0
我們有一個獨立的廚師服務器安裝(v 12.1.2)。它已經運行好幾個月了,但最近它已經開始每天幾次崩潰。查看日誌,看起來好像「opscode-erchef」服務每天崩潰幾次。這是從Opscode公司-erchef崩潰日誌:廚師服務器例行崩潰
2017-07-28 08:44:26 =ERROR REPORT====
["Could not connect, scheduling reconnect.",{error,{{error,{badmatch,{error,{auth_failure_likely,{econnrefused,{gen_server,call,[<0.2016.0>,connect,infinity]}}}}},[{bunny_util,connect,1,[{file,"src/bunny_util.erl"},{line,191}]},{gen_bunny_mon,do_connect,3,[{file,"src/gen_bunny_mon.erl"},{line,192}]},{gen_bunny_mon,handle_info,2,[{file,"src/gen_bunny_mon.erl"},{line,134}]},{gen_server,try_dispatch,4,[{file,"gen_server.erl"},{line,593}]},{gen_server,handle_msg,5,[{file,"gen_server.erl"},{line,659}]},{proc_lib,init_p_do_apply,3,[{file,"proc_lib.erl"},{line,237}]}]},{connection_info,{network,{127,0,0,1},5672,{<<"chef">>,<<"de073b36fa2831124fc06a121702610c1ddaf367cc9aad74e9a9ba7381fa355a9fd8aaf4be57745fecfc0f0a1c275aab3190">>},<<"/analytics">>}}}}]

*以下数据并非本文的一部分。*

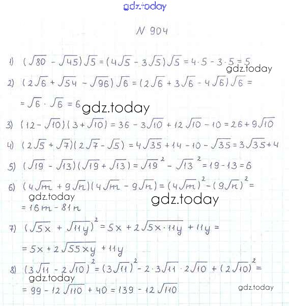 Ответы к Упражнения для повторения курса алгебры 8 класса 904 Учебнику по Алгебре для 8 класса Мерзляк, Полонский Вентана-граф Алгоритм успеха 2016

2017-07-28 08:44:26 =ERROR REPORT====
Could not start the network driver: econnrefused
2017-07-28 08:44:26 =ERROR REPORT====
** Generic server <0.2019.0> terminating
** Last message in was connect
** When Server state == {state,<0.2017.0>,{amqp_params,<<"chef">>,<<"de073b36fa2831124fc06a121702610c1ddaf367cc9aad74e9a9ba7381fa355a9fd8aaf4be57745fecfc0f0a1c275aab3190">>,<<"/chef">>,{127,0,0,1},5672,0,0,0,none,[]},undefined,undefined,undefined,undefined,undefined,undefined,<0.2018.0>,false,undefined,{{0,nil},{dict,0,16,16,8,80,48,{[],[],[],[],[],[],[],[],[],[],[],[],[],[],[],[]},{{[],[],[],[],[],[],[],[],[],[],[],[],[],[],[],[]}}}},undefined,#Fun<amqp_connection_sup.0.94524864>}
** Reason for termination ==
** {econnrefused,[{amqp_network_connection,do_connect,1,[{file,"src/amqp_network_connection.erl"},{line,337}]},{amqp_network_connection,handle_call,3,[{file,"src/amqp_network_connection.erl"},{line,93}]},{gen_server,try_handle_call,4,[{file,"gen_server.erl"},{line,607}]},{gen_server,handle_msg,5,[{file,"gen_server.erl"},{line,639}]},{proc_lib,init_p_do_apply,3,[{file,"proc_lib.erl"},{line,237}]}]}
2017-07-28 08:44:26 =CRASH REPORT====
crasher:
initial call: amqp_network_connection:init/1
pid: <0.2019.0>
registered_name: []
exception exit: {econnrefused,[{gen_server,terminate,7,[{file,"gen_server.erl"},{line,804}]},{proc_lib,init_p_do_apply,3,[{file,"proc_lib.erl"},{line,237}]}]}
ancestors: [<0.2017.0>,gen_bunny_mon,gen_bunny_sup,<0.1531.0>]
messages: []
links: [<0.2017.0>]
dictionary: []
trap_exit: false
status: running
heap_size: 610
stack_size: 27
reductions: 531
neighbours:
2017-07-28 08:44:26 =SUPERVISOR REPORT====
Supervisor: {<0.2017.0>,amqp_connection_sup}
Context: child_terminated
Reason: econnrefused
Offender: [{pid,<0.2019.0>},{name,connection},{mfa,{amqp_network_connection,start_link,[{amqp_params,<<"chef">>,<<"de073b36fa2831124fc06a121702610c1ddaf367cc9aad74e9a9ba7381fa355a9fd8aaf4be57745fecfc0f0a1c275aab3190">>,<<"/chef">>,{127,0,0,1},5672,0,0,0,none,[]},<0.2018.0>,#Fun<amqp_connection_sup.0.94524864>]}},{restart_type,intrinsic},{shutdown,brutal_kill},{child_type,worker}]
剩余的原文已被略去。